- Cap badge of the Royal Corps of Signals
- Active: 1959–1980 2004–2009 2020–Present
- Country: United Kingdom
- Branch: British Army
- Role: Cyber Protection
- Size: Squadron
- Part of: 13th Signal Regiment
- Garrison/HQ: Azimghur Barracks, Colerne
- Engagements: Operation Telic; Operation Herrick;

Insignia

= 224 Signal Squadron (United Kingdom) =

224 Signal Squadron (Cyber) is a company sized military communications unit of the British Army's Royal Corps of Signals and forms part of the corps' new 13th (Cyber) Signal Regiment. The squadron was originally formed in 1959 as part of the army's wider expansion of the Royal Signals, but disbanded in 1980 after its tasks were taken over by a joint communications training group. In 2020, the squadron was reformed as part of the June 2020 reorganisation of the corps.

== First Formation (1959) ==
In 1959, the Royal Corps of Signals went through a massive reorganisation, the first of its type since 1944. As part of the 1959 reorganisations, led by the 1957 Defence White Paper, the Royal Signals former squadrons were all brought into a 'standard numbering and organisation' system. This system was brought in and was to be modelled on the Royal Artillery and Royal Engineers recent reorganisations. As part of these reorganisations, 224 Signal Squadron (Wireless Training) was formed in Loughborough as the immediate successor to the former 10 Wireless Training Squadron.

In 1961 the squadron was renamed as 224 Signal Squadron (Radio Training), while initially remaining independent, however shortly after this change, the squadron moved into Garats Hay Barracks in Loughborough, which were specially built for the squadron's tasks. The squadron was tasked with providing the radio training in the East Midlands and support to Eastern District. Eventually in March 1976 following the 1975 Defence White Paper, the squadron absorbed 223 Signal Squadron (Radio) without a change of title.

On 1 November 1980 the squadron was disbanded and its tasks taken over by 4 Special Communications Unit. Part of the squadron then became the Communications & Security Group (UK) located at the same barracks. The squadron's lineage though officially ended, was unofficially continued through the Special Projects Agency of the same group. The training section of the group then moved to Chicksands in 1990, and elements moved to RAF Digby. It was this later group that would reform the squadron in 2004.

== Second Formation (2004) ==
On 21 June 2004, 224 Signal Squadron was formed as a joint service sub-unit of the 14th Signal Regiment (Electronic Warfare) and based at RAF Digby, as the successor to the Joint Service Signal Unit. The new squadron became a fully deployable field unit, with the specific role of providing specialist operators, equipment, and enhanced communications to elements of 14 Signal Regiment deployed on operations worldwide (notably Operation Herrick). The squadron on formation comprised around 90 specialist personnel drawn from the British Army (Royal Corps of Signals and Intelligence Corps) and RAF (RAF Signal Service). The squadron also comprised a handful of personnel from the Royal Electrical and Mechanical Engineers (LAD), Royal Logistic Corps, and Adjutant General's Corps.

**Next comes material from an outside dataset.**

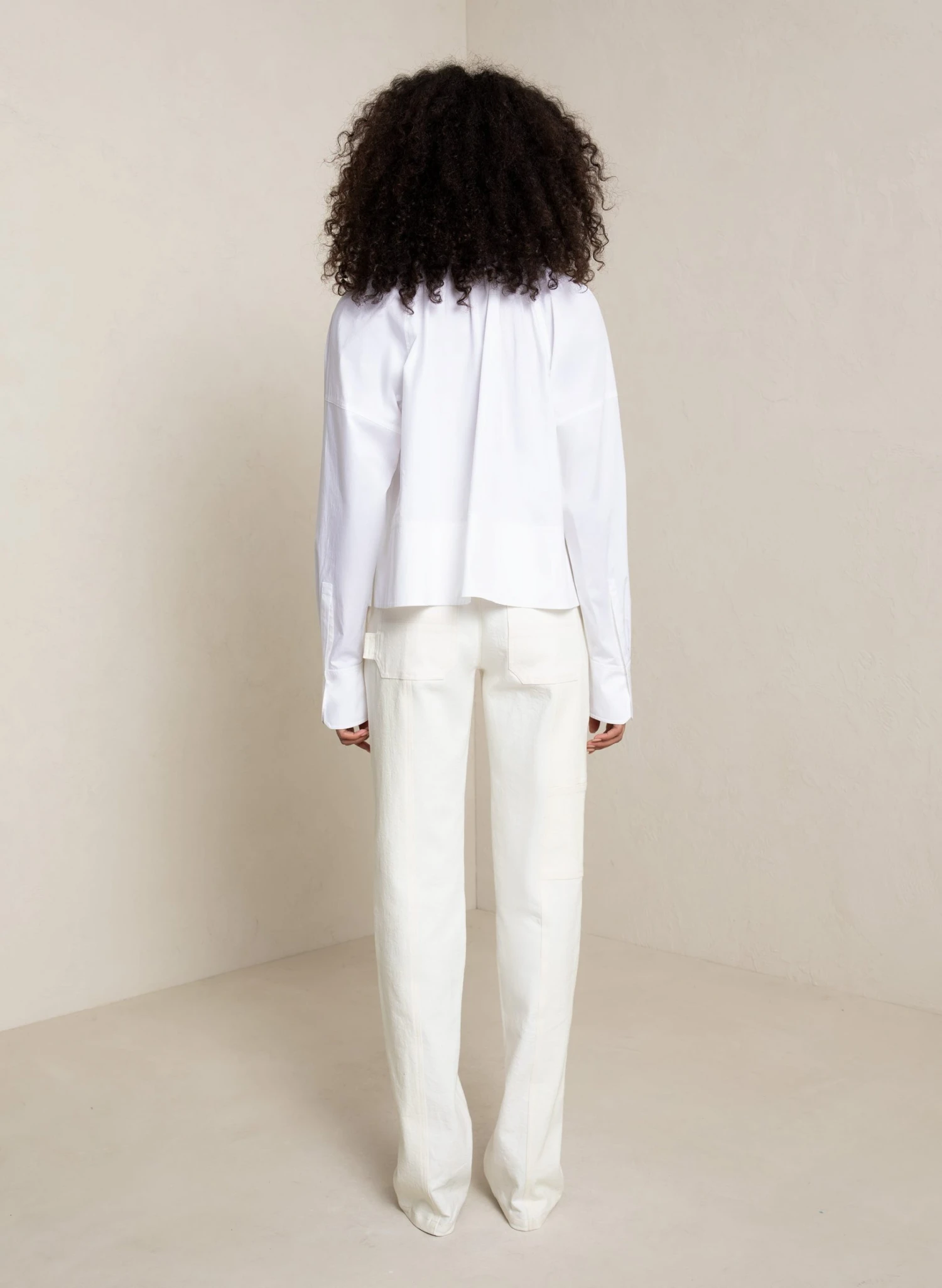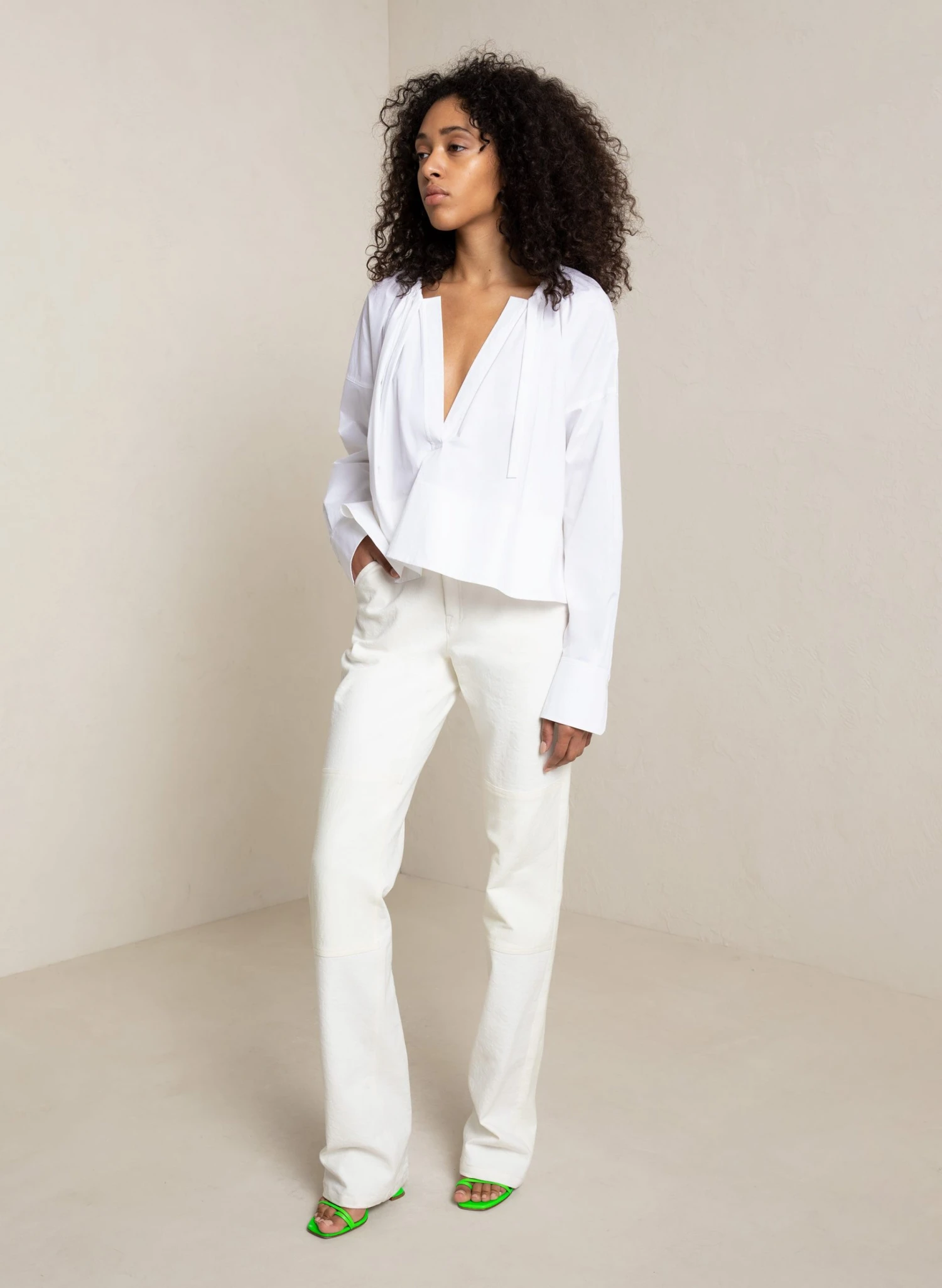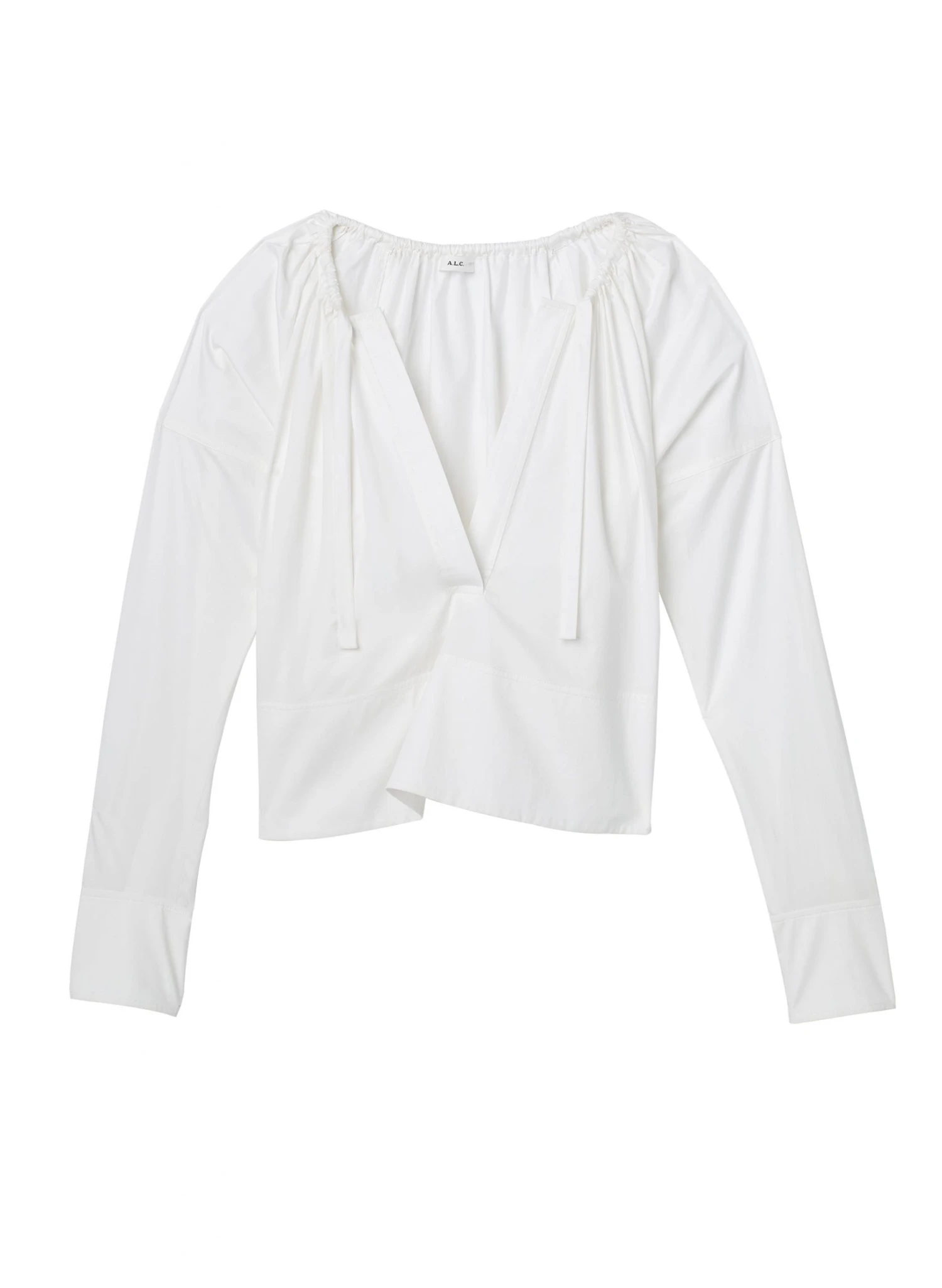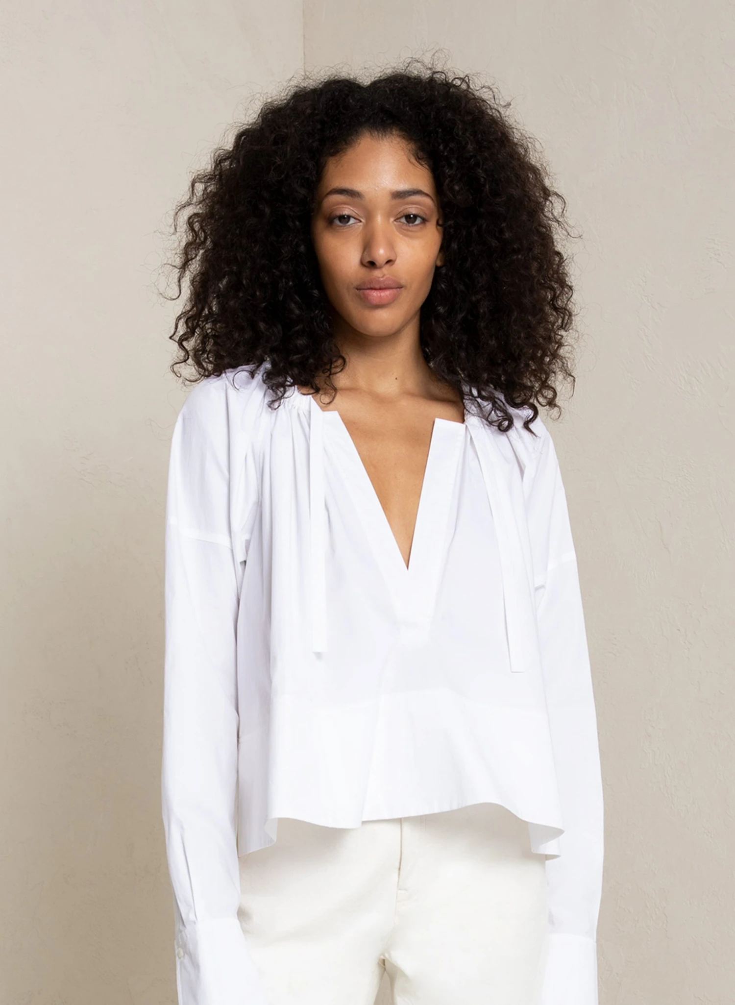 The Serena Top is crafted in our crisp day cotton in wardrobe-essential white. This floaty silhouette features long, cuffed sleeves and a rounded drawstring neckline that dips into a V.

By 2009, the squadron was again officially disbanded, its size reduced to a troop (equivalent of a platoon), with its personnel moving to the army element of the Joint Signals Intelligence Unit, still based at RAF Digby.

== Third Formation (2020) ==
In 2020, as part of the Army 2020 Refine, it was announced a new dedicated cyber regiment would be formed in the Royal Corps of Signals, though this regiment would be multi-capbadged and joint service unit. This new regiment was formed on the basis of the 15th Signal Regiment based in Colerne, and became known as the 13th Signal Regiment (Cyber), which stood up on 1 June 2020. As part of this reorganisation, which then affected the entire corps, 224 (Cyber Protection Teams) Signal Squadron was reformed and based at Azimghur Barracks, drawing personnel from the cyber teams of 14 Signal Regiment.